The module performs layered analysis through analyze_binary():

Protection Analysis:

  • Binary protections via checksec: RELRO (Partial/Full), PIE (position-independent), NX/DEP (non-executable stack), Stack Canary, FORTIFY_SOURCE
  • glibc mitigation analysis: pointer mangling, tcache hardening, safe linking, __free_hook/__malloc_hook removal status, %n format string verification
  • Kernel mitigation analysis: ASLR level (0/1/2), mmap_min_addr, ptrace_scope

ROP Gadget Analysis:

  • Scans for useful gadgets: pop rdi; ret, pop rsi; ret, syscall; ret, leave; ret, etc.
  • Bad byte analysis per target address (null bytes, newlines in payload)
  • One-gadget analysis with partial overwrite viability assessment

Exploit Primitive Enumeration:

  • Arbitrary read/write detection
  • Control flow hijack (RIP/RSP control)
  • Heap control primitives
  • Format string capabilities (call count, single-shot detection)

Input Handler Analysis:

  • Detects input functions: strcpy, gets, fgets, read, recv, scanf
  • Payload constraint analysis: bad bytes, maximum length, charset restrictions

Output:
Rich verdict with classification (exploitable / likely_exploitable / difficult / unlikely / blocked), concrete targets, viable techniques, and actionable guidance.

Crash Analysis Module (packages/binary_analysis/)

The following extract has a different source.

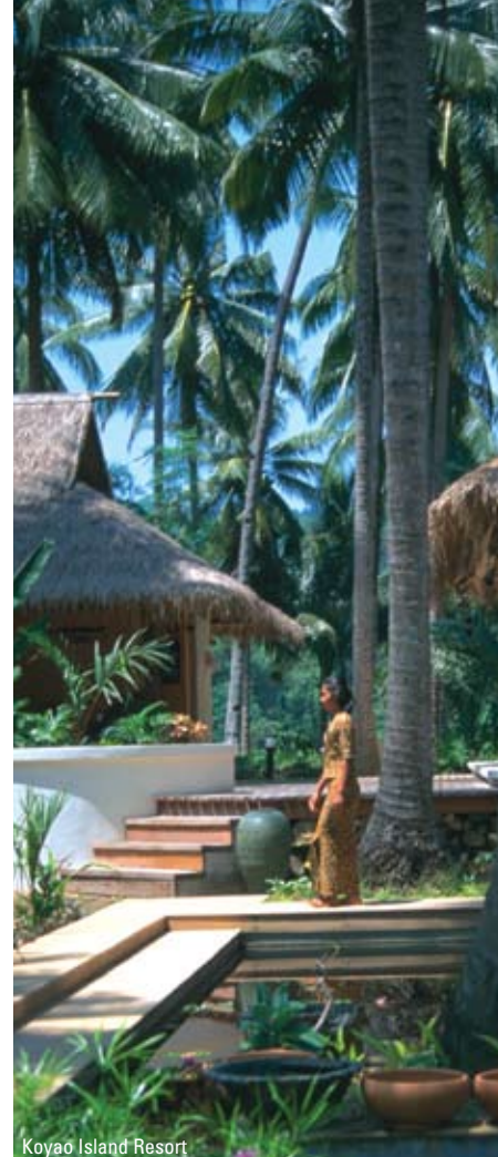
Koyao Island Resort

TUR 106: 3 nætter Bangkok • nattoget til Chiang Mai • 3 nætter Chiang Mai • 6 nætter Koh Yao

CrashAnalyser class (crash_analyser.py, 1325 lines):

10-step crash analysis pipeline:

  1. Get binary info (file, readelf)
  2. Detect ASan instrumentation
  3. Run ASan analysis if available
  4. Run debugger analysis (GDB on Linux, LLDB on macOS — auto-detected)
  5. Get disassembly at crash site (objdump)
  6. Analyze memory layout/protections (ASLR, stack canaries, NX/DEP)
  7. Detect environmental crashes (debugger artifacts, sanitizer artifacts)
  8. Analyze memory regions around crash address
  9. Resolve function names (addr2line, symbol table, link register)
  10. Compute stack hash for deduplication

Crash type classification (signal-based + function-based + stack-trace-based):

  • heap_overflow, stack_overflow, null_pointer_dereference, use_after_free, double_free
  • format_string_vulnerability, integer_overflow, buffer_overflow, segmentation_fault
  • division_by_zero, illegal_instruction, bus_error

Crash Analysis Skills (.claude/skills/crash-analysis/)

4 specialized sub-skills:

  • rr Debugger: Deterministic record-replay debugging with reverse execution. Includes crash_trace.py script for automated trace extraction (supports both regular and ASAN crashes).
  • Line Execution Checker: C++17 tool that checks if specific source lines were executed using gcov data.
  • gcov Coverage: Add gcov instrumentation to C/C++ projects for coverage-guided analysis.
  • Function Tracing: Uses -finstrument-functions hooks with per-thread logs and Perfetto visualization output.

Expert Personas

RAPTOR loads specialized expert personas progressively:

  • Crash Analyst (Charlie Miller/Halvar Flake persona, 284 lines): Systematic framework — crash type ID → register analysis → exploit primitives → mitigations → attack scenario → feasibility classification (Trivial/Moderate/Complex/Infeasible)
  • Offensive Security Researcher (200 lines): Decision trees for format string, stack overflow, and heap exploitation. "6 Byte Rule" for x86_64 + strcpy. "Full RELRO Trap" explanation.
  • Exploit Developer (Mark Dowd persona, 337 lines): 7 "Prime Directives" requiring working code, complete executability, safe testing, realistic constraints, honest assessment. Templates for every vulnerability type.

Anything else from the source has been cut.